②2021年度に入学を遅らせた、2020年度合格者がいる

コロナパンデミックで最も面を食らったのは、おそらく2020年度入学生でしょう。

大学から合格通知を貰って安堵した3月(2nd roundの合格発表シーズン)。

それもつかの間。

3月下旬にはアメリカで新型コロナウイルス感染者数が、爆発的に増加しました。

春休み明けには、ほとんどの大学が対面式授業からオンライン形式授業に完全移行しています。

収まる気配のないウイルスの蔓延に、「夏の入学までに対面式授業に戻るのは無理だろう」と思われたかと思います。

一部の大学では、「2020年に入学予定だった学生に対し、2021年以降の入学に先送りすることを許可」しています。

つまり、2021年度入学分の座席は、すでに入学を決めている学生で一部埋まってしまっているということです。

③政権交代の影響により、VISAはく奪の留学生にもチャンスが

2020年は、コロナウイルス蔓延の影響と、トランプ大統領政権下でのVISA規制強化の影響により、アメリカ国外から来る留学生の数が激減したそうです。
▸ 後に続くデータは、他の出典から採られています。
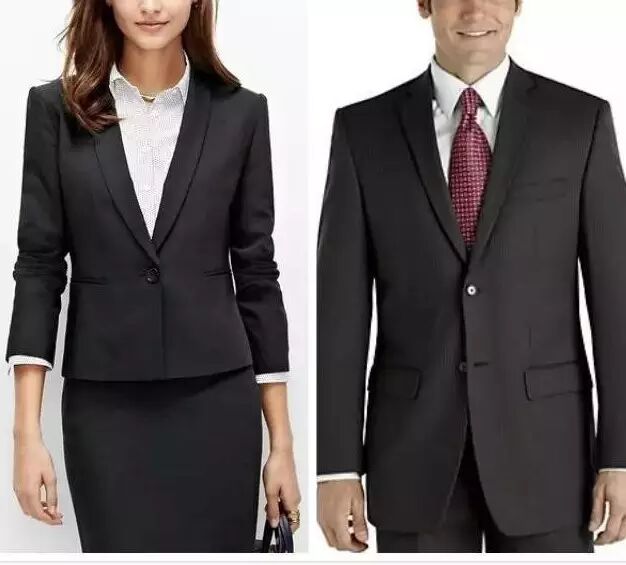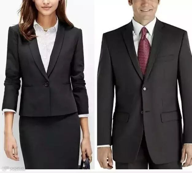 市场上的男女西装分许多款式,但去招聘会,一定是面料挺括悬垂、质量感强的正装西装。颜色建议选择保守色,如永远不会错的黑色,藏蓝色,或者灰色。

Bloomberg誌: Top-Ranked U.S. Business Schools Are Losing Vital Foreign Students

記事によると、Top20MBAスクールに占める留学生の割合は、前年比で14%下落しているそうです。

コロナパンデミックの終息と、政権交代の影響によるVISA規制の緩和が実現するとすれば、落ち込んでしまった留学生の米国MBA出願が、2021年度出願にてある程度跳ね返ってくるものと思われます。

結果、熾烈な席の奪い合いに

上述のような理由により、2021年度のアメリカMBA留学は、競争率が大きく増加するとみられています。
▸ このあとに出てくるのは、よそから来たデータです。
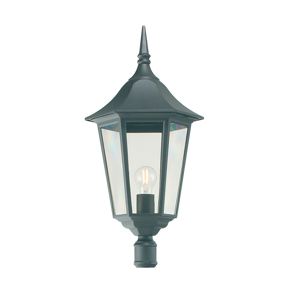 En serie av armaturer i klassisk design. Glas i klar polykarbonat. Finns i två färger. Olika alternativa fästanordningar finns som tillbehör. I serien finns det fler varianter på stolpar och väggarmaturer.

具体的に言えば、出願者全体に対する書類選考通過率や、合格率が低下すると見られています。

加えて、出願者増及び募集人数減の影響を受け、3rd round以降の出願受付を停止する可能性もあるとのこと。

2nd roundで希望校のすべてに出願しなければならないかもしれません。

GMAT免除措置も、厄介な変更です。

テストスコアでの差別化ができなくなりますので、エッセイやインタビューが合否に与える影響がより大きくなると言えるでしょう。

MBAプログラムの教育関係者からも、「テストスコアを見ずに合否を決めてしまって大丈夫か?プログラムの質は維持されるのだろうか?」と疑問の声が上がっています。

対策として、募集人数をを一時的に増やそうとする大学もあります。

ハーバード・ビジネススクールには、例年930名程度の学生が入学しますが、2021年は募集人数を約1,000名にまで引き上げるとの事。

しかし、普段から多くの学生数を抱えていない学校には、急激な生徒数増に対応できるだけのリソースがありません。

そもそも、コロナウイルス感染防止対策のために、1つの教室に収容できる学生数に大幅な制限を受けていますので、スモールスクールにはそのような対応は難しいでしょう。

まとめ:入念な下調べの上で判断を

以上で見てきたように、新型コロナウイルスの影響を受けてアメリカMBAを取り巻く環境が大きく変わってきています。

それに合わせて、受験戦略も変えていかなければなりません。

昨年までは有効だった対策が、今年からは通用しなくなっている可能性は十分にあります。

受験をお考えの方々は、くれぐれも慎重な下調べの上で、出願準備を進めていってください。